# Beyond Summaries: LLM-Driven Structured Annotation of Code Changes

> The study proposes a two-stage pipeline for structured annotation of code patches, identifying change types such as renaming, moving, and logic modification. The optimal configuration achieves an 84% recall rate and 81% precision, providing new ideas for code review automation.

- 板块: [Openclaw Llm](https://www.zingnex.cn/en/forum/board/openclaw-llm)
- 发布时间: 2026-05-25T17:56:46.000Z
- 最近活动: 2026-05-26T04:57:02.778Z
- 热度: 131.0
- 关键词: 代码审查, 代码变更分析, 结构化标注, LLM, 少样本学习, 软件工程, diff分析, 代码分类
- 页面链接: https://www.zingnex.cn/en/forum/thread/llm-arxiv-2605-26100v1
- Canonical: https://www.zingnex.cn/forum/thread/llm-arxiv-2605-26100v1
- Markdown 来源: floors_fallback

---

## [Introduction] LLM-Driven Structured Annotation of Code Changes: Addressing the Scalability Challenges of Code Reviews

This paper proposes a two-stage pipeline that uses large language models (LLMs) for structured annotation of code patches, identifying change types (e.g., renaming, moving, logic modification) and their relational attributes. The optimal configuration (GPT-4 + optimized prompts) achieves an 84% recall rate and 81% precision, offering new insights for code review automation and enabling scenarios like intelligent routing and priority sorting.

## Background: Scalability Challenges of Code Reviews and Limitations of Existing Methods

Code review is a key practice in software engineering, but scaling brings challenges: surging patch volumes, increasing change complexity, and AI-assisted programming exacerbating review burdens. Limitations of existing LLM methods: inconsistent summary quality hinders automated decision-making; generated review comments are prone to false positives and fail to capture overall intent. This paper proposes a new direction of structured annotation.

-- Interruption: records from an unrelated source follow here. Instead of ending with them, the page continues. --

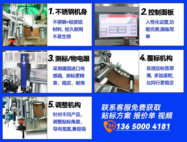 PLC控制,自動化生產(chǎn) 彩色觸摸屏,智能觸屏 穩(wěn)定性高,光電追蹤 操作簡易,貼標(biāo)精準(zhǔn)
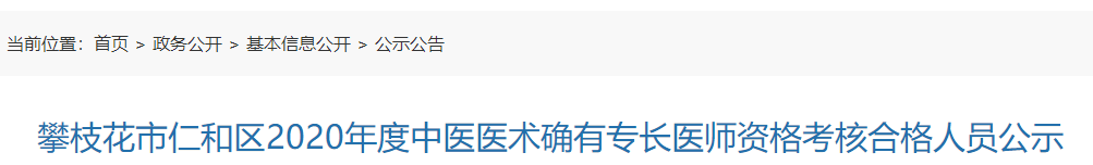 附件:攀枝花市仁和區(qū)2020年度中醫(yī)醫(yī)術(shù)確有專長人員醫(yī)師資格考核合格人員信息公示表
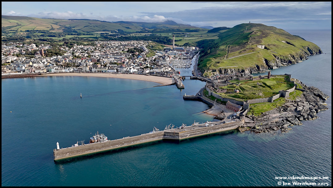 Moving the angle around to include more of the town. Although it's sunny at Peel, there is low cloud sitting on the hills in the distance.
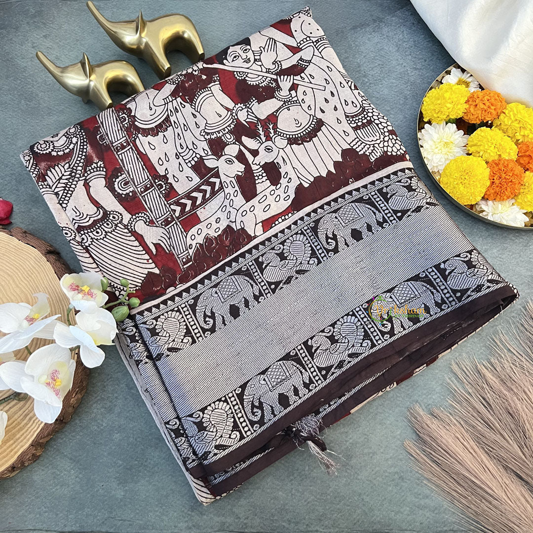 Vriksham Dark Red Kalamkari Saree with Kanchi Border-VS4318
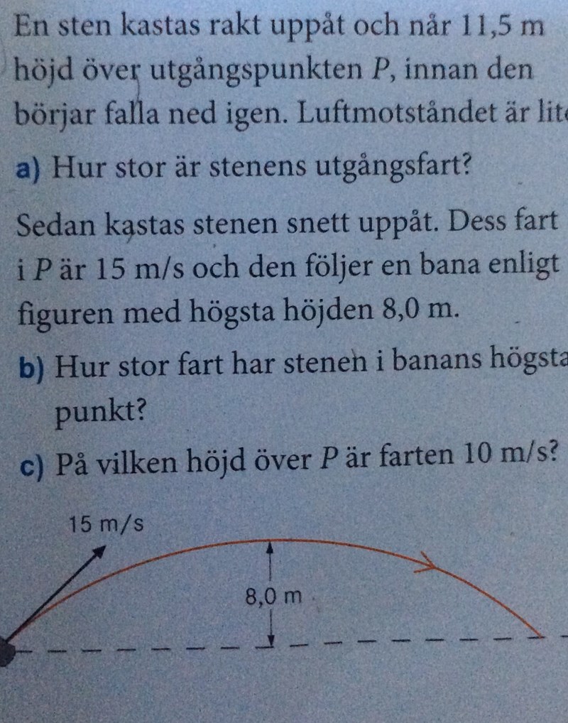 Fråga nummer två är: hur ska jag lösa uppgift b). På uppgift a) använde jag sträckformeln och formeln för hastighet för att lösa uppgiften men nu vet jag ej vad jag ska använda mig utav.

## Methodology: Two-Stage Structured Annotation Pipeline and Few-Shot Prompting Strategy

**Two-Stage Pipeline**: 1. Hunk-level annotation: Split patches into diff hunks and classify them into Rename, Move, Logic Change, etc. 2. Relationship and attribute refinement: Identify structural relationships like rename propagation and dependencies, as well as semantic attributes like Breaking Change. **Few-Shot Prompting**: No fine-tuning required; cross-language adaptation is achieved via context construction (full diff + sliding window), example selection (2-3 boundary examples per category), and structured JSON output.

## Experimental Evidence: Model Performance Against Human-Annotated Benchmarks

A benchmark dataset of natural + synthetic patches was constructed to test GPT-4, Claude3, Llama3, and CodeLlama. The optimal configuration (GPT-4) achieved 84% recall, 81% precision, and an F1 score of 82.5%. Fine-grained analysis: Rename recognition had >90% F1; Logic Change was prone to confusion; context lengths within 8K tokens showed significant benefits; GPT-4/Claude3 outperformed open-source models.

## Application Value: Optimization Scenarios for Code Review Workflows

1. Intelligent routing: Assign reviewers based on change type (security changes → security team). 2. Priority sorting: Prioritize high-risk changes (Breaking Change + core module → high priority). 3. Review assistance: Provide structured prompts (e.g., confirm rename completeness). 4. Change analysis: Team-level insights (proportion of refactoring changes this week).

## Limitations and Future Work: Current Challenges and Improvement Directions

**Limitations**: Differences in annotation consistency, ambiguous boundaries between change types, difficulty managing context for large-scale patches, and high LLM invocation costs. **Future Directions**: Hybrid static analysis and LLMs, active learning to improve annotations, temporal modeling considering historical patterns, multi-modal expansion integrating CI results and other information.